Fatima Lomelin Carrillo
Existen dos arquetipos de personas que habitan la casa una vez construida: la familia y las trabajadoras del hogar. Para lo primero, se diseñan grandes habitaciones, iluminadas, salubres y estéticas; para lo segundo, un cuarto mínimo, escondido y colocado en el sitio menos posiblemente visible. Parece que este segundo cuarto, además, elimina todas las reglas arquitectónicas y existe como un espacio que sucede arbitrariamente en el vacío sobrante.
La arquitectura no-netura y la distribución de espacios (siempre ontológica-política) encierran a la trabajadora del hogar a una habitación aislada y subsumida a las mismas necesidades de la casa: “En la gran mayoría de los proyectos los cuartos de servicio están localizados de tal forma que habilitan la posibilidad de que las empleadas de servicio interactúen con todos los espacios de la casa, pero siempre existe la posibilidad de que en cualquier momento y a la menor provocación se vuelvan invisibles.
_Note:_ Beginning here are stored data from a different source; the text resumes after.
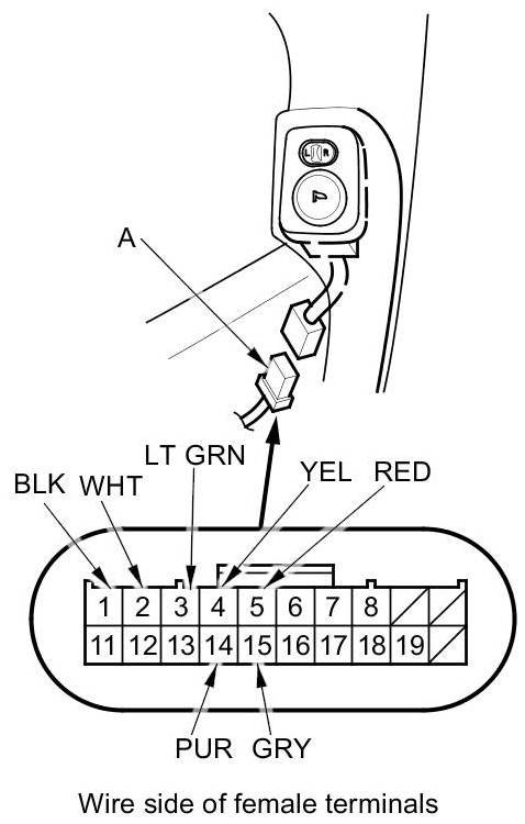 - If the left mirror does not tilt down (or does not swing left), check for an open in the GRY (or YEL) wire between the left mirror and the 20P connector. If the wire is OK, check the left mirror actuator.
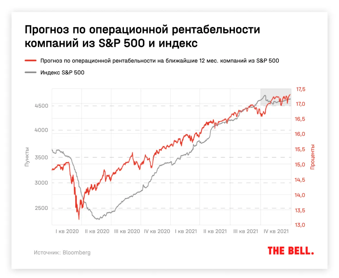 Отчет за третий квартал показал, что пока американским компаниям удается перекладывать на потребителей возросшие издержки. Однако устойчиво высокая инфляция вскоре может подорвать спрос: с середины октября прогноз по операционной рентабельности на ближайшие 12 месяцев компаний из индекса S&P 500 перестал расти, пишет Bloomberg. Инвесторам стоит проследить за результатами компаний за четвертый квартал 2021-го.
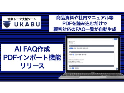株式会社UKABU(東京都渋谷区 代表取締役:丸山 隼平)が提供する営業トーク支援ツール「UKABU(ウカブ)」 は、米OpenAIによる「ChatGPT」を活用したFAQ作成が可能な「UKABU AI FAQ機能」に、PDFインポート機能を追加リリースしたことをお知らせいたします。
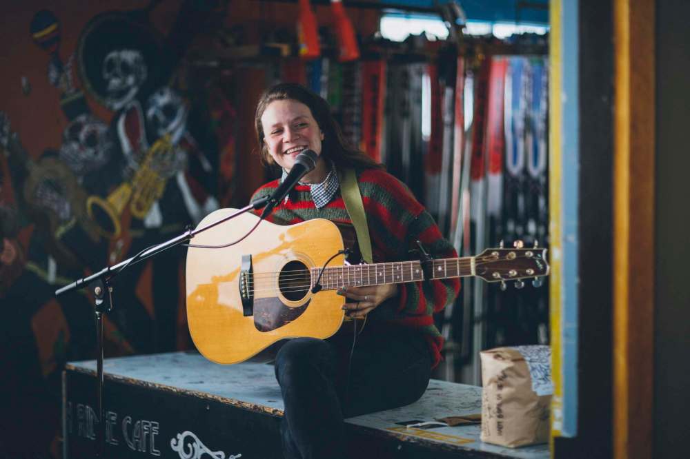 “There’s not a huge year-round population that lives here, so we ended up convincing a lot of our musician friends to come and work at the ski hill when they’re not out touring,” says Emily Christie, general manager of the rental shop. “In 2012… we just had no snow, but a lot of staff sitting around and playing music. We decided, ‘Hey, if we can’t ski, let’s get people out for some music.’”
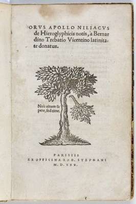 De hieroglyphicis notis, a Bernardino Trebatio Vicentino latinitate donatus. Paris: Robert Estienne, 1530, 8vo. ff. 28 (iv), printer's falling branch device on title, 19th century quarter vellum, marbled boards, corners worn, faint contemporary 12 line manuscript annotations on verso of last leaf, small stain to upper margin of first few leaves
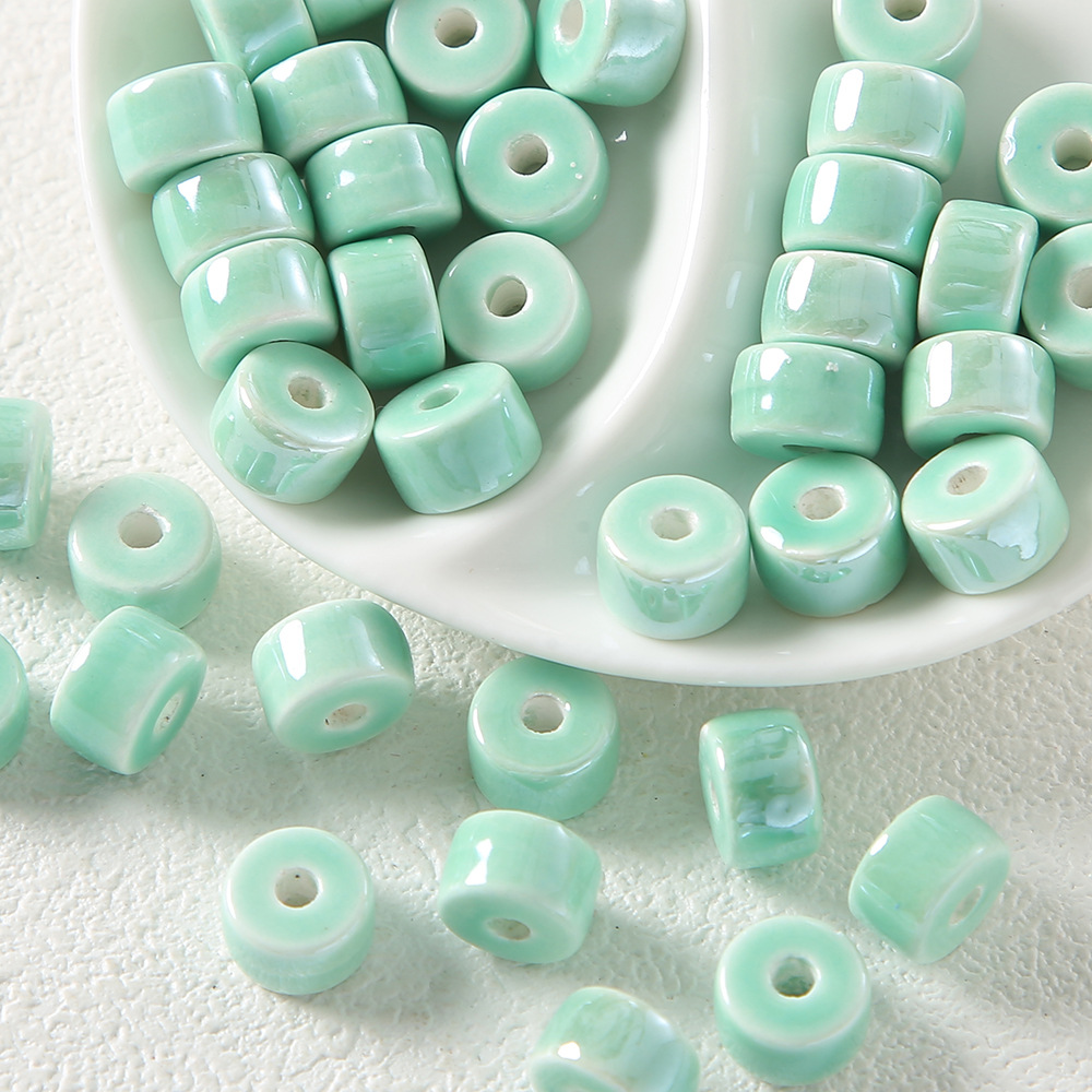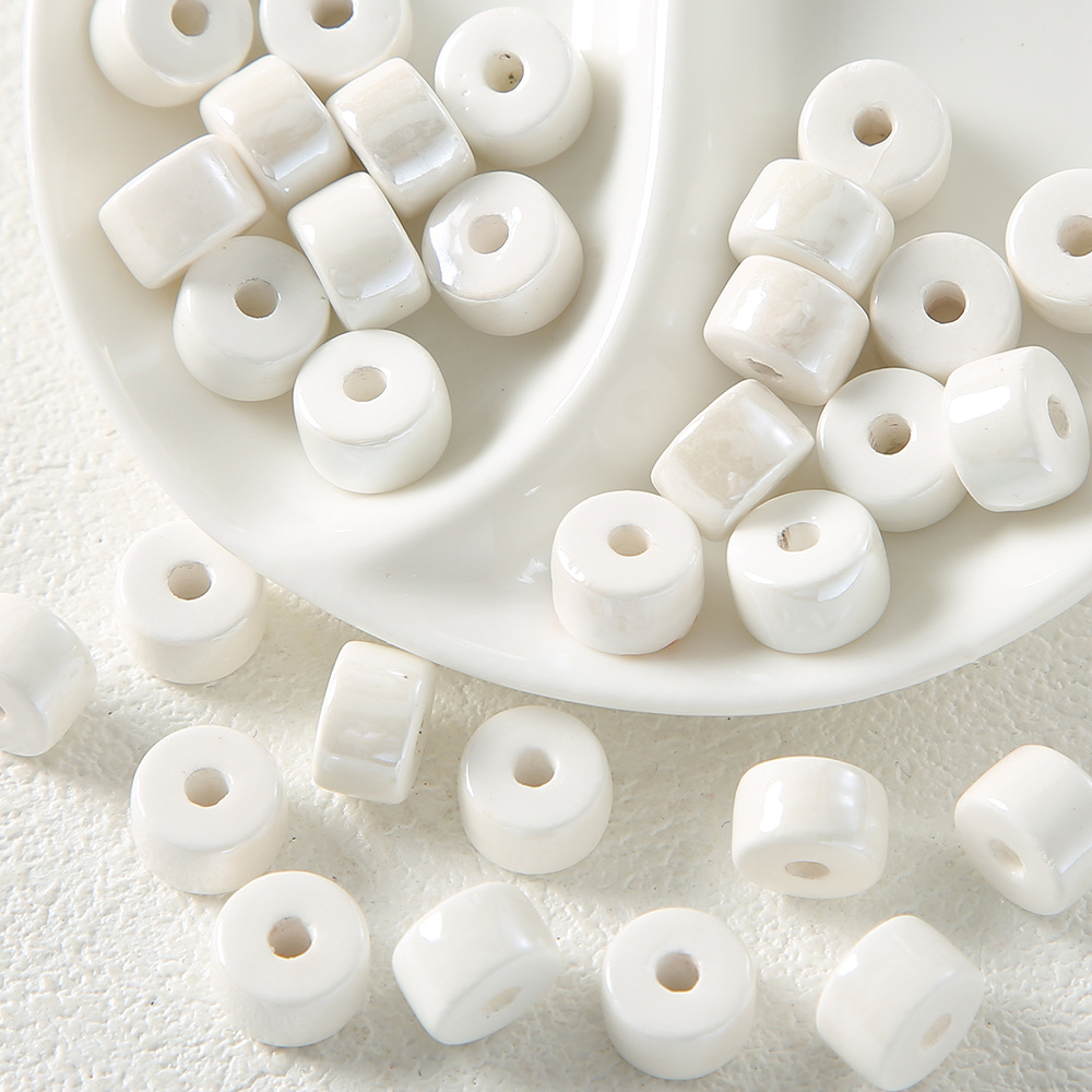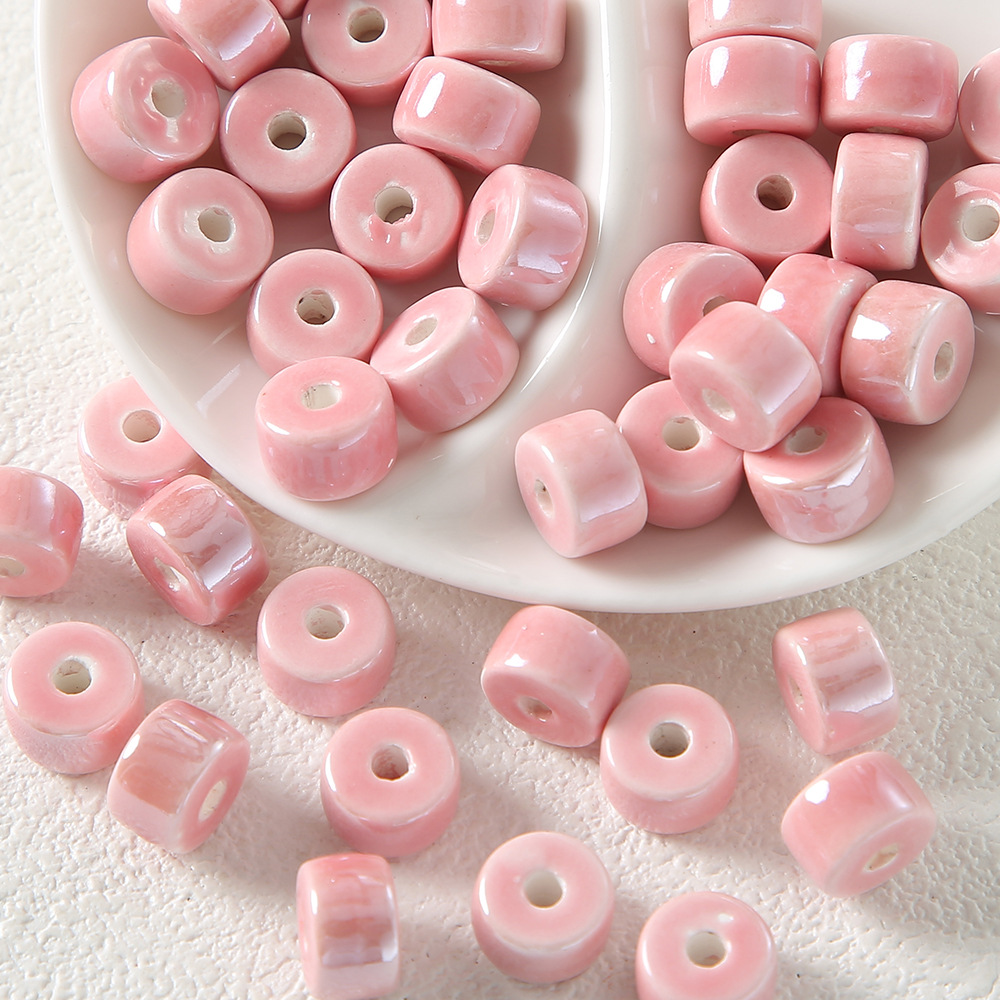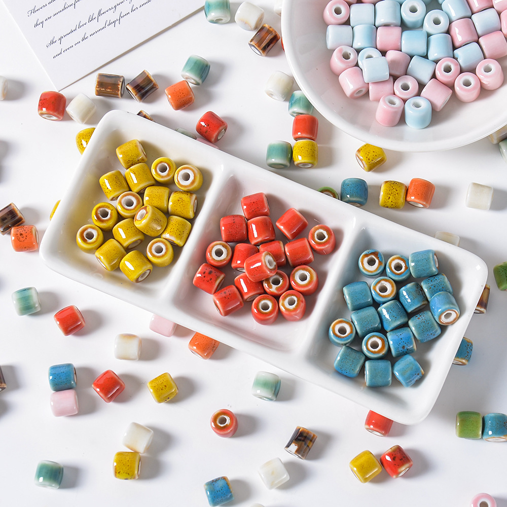 陶瓷新款花釉窑变圆柱直孔散珠 手工diy手链表带尾珠材料串珠隔珠
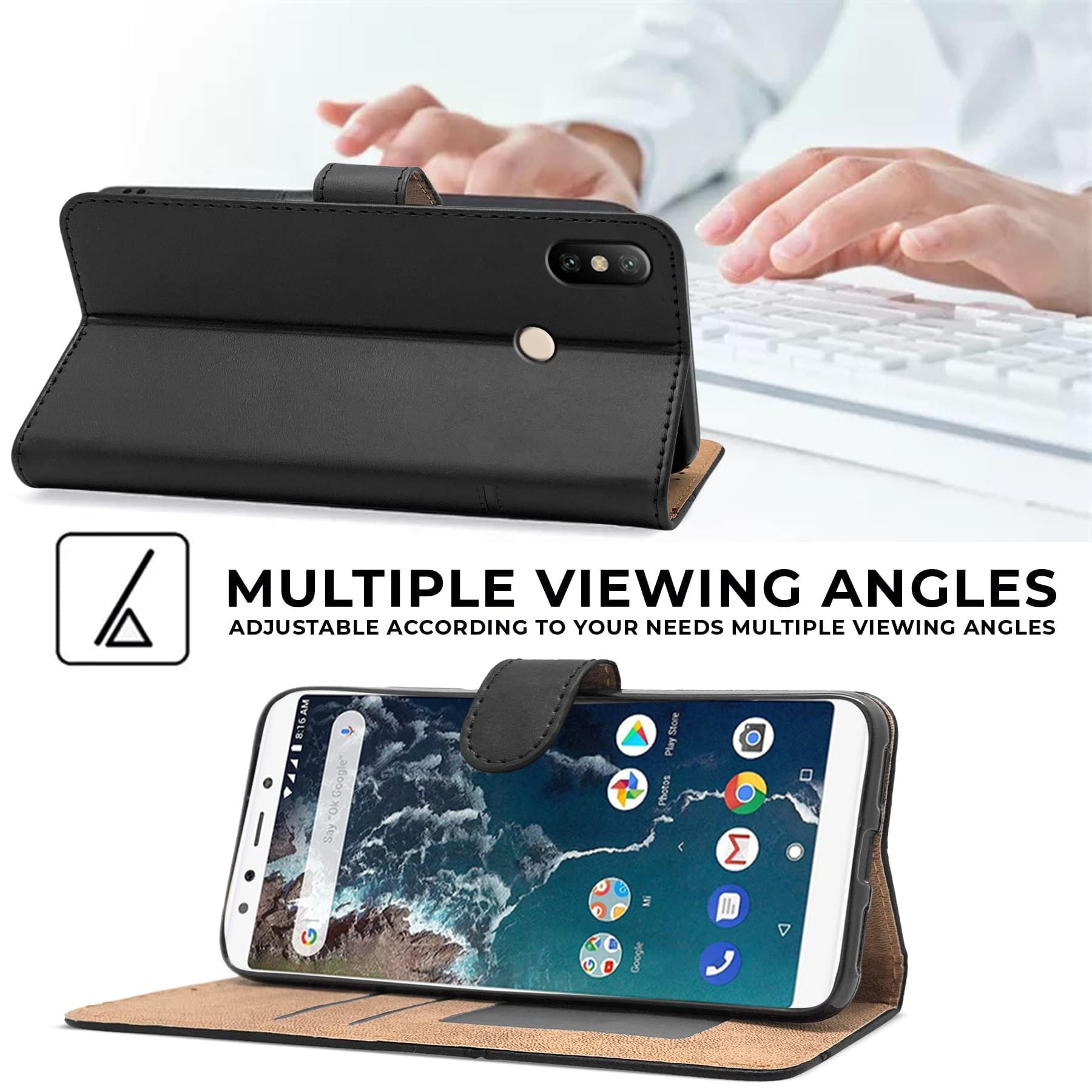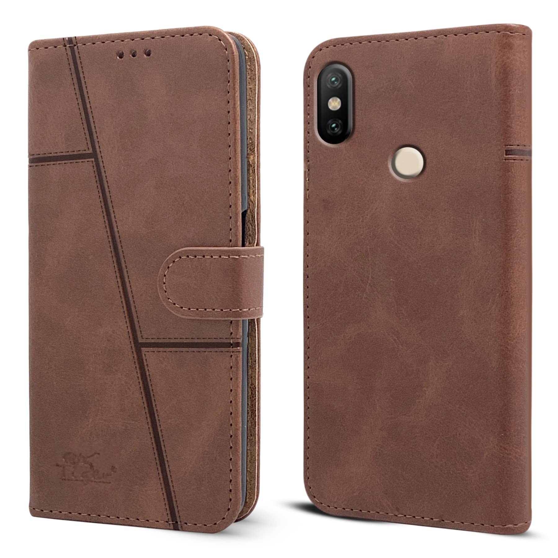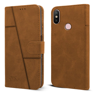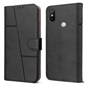 For Xiaomi Mi A2 Flip Cover Case ( Stitched Leather with Magnetic Closure | Black)
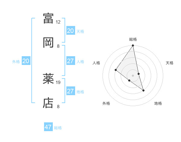 富岡 薬店さんを姓名の画数から五運を鑑定

Además de las recámaras de servicio, existen pasillos y escaleras secretas por donde aparecen a trabajar y desaparecen de nuevo. Cuando no son necesarias, entran a este otro mundo dentro de la misma casa, que en ocasiones comparten con lavadoras, bodegas, máquinas caminadoras descompuestas, el patio del perro o la basura de la casa” (Ortiz Struck, 2012).
Esto quiere decir que, si la arquitectura encierra colonialmente a las trabajadoras del hogar, su existencia –siempre y cuando se encuentre en la casa (o bien, una existencia “de planta”)– se cierra (no se abre a) todo lo que esté fuera del cuidado familiar. A estas mujeres no se les permite hacer vida más allá de esas cuatro paredes. Ese cuarto no es suyo, no lo habitan, es sólo un espacio de reposo necesario para seguir trabajando. Por tanto, su existencia encerrada y cerrada tampoco les pertenece a sí mismas: “[las trabajadoras del hogar] no tienen derecho a decidir cuándo entran o salen de sus áreas laborales durante una semana (normalmente tienen que solicitar un permiso para salir); no tienen horario fijo ya que trabajan las horas que la familia necesita; no tienen permitido invitar a amigas a tomar un café o a su cuarto, o salir con ellas a media tarde” (Ortiz Struck, 2012).
El cuarto de servicio –el cuarto del Otro aún más Otro– es específicamente para la mujer indígena y migrante. Hay aquí una cuestión de raza y de clase que permite pensar la arquitectura como herramienta de colonialidad doméstica y la casa como un territorio en el que se abren, a la vez, mundos paralelos no-complementarios que se oponen y excluyen. La única conciliación posible está en admitir que estas mujeres habitan la paradoja entre el lugar y el no-lugar: “Se le llega a considerar como parte de la familia, aunque manteniendo distancias […] se le quiere bien y se le violenta; vive entre el amor y el maltrato. La rodean lujos ajenos cuando en realidad no tiene nada para sí misma. O muy poco” (Sánchez Ambriz y Toledo, 2012).
Bibliografía
1. Ortiz Struck, A. (1 de abril de 2012). Desde la arquitectura, la discriminación. Revista Nexos.
2. Sánchez Ambriz, M.C; Toledo, A. (1 de abril de 2012). Cuartos de servicio. Revista Nexos.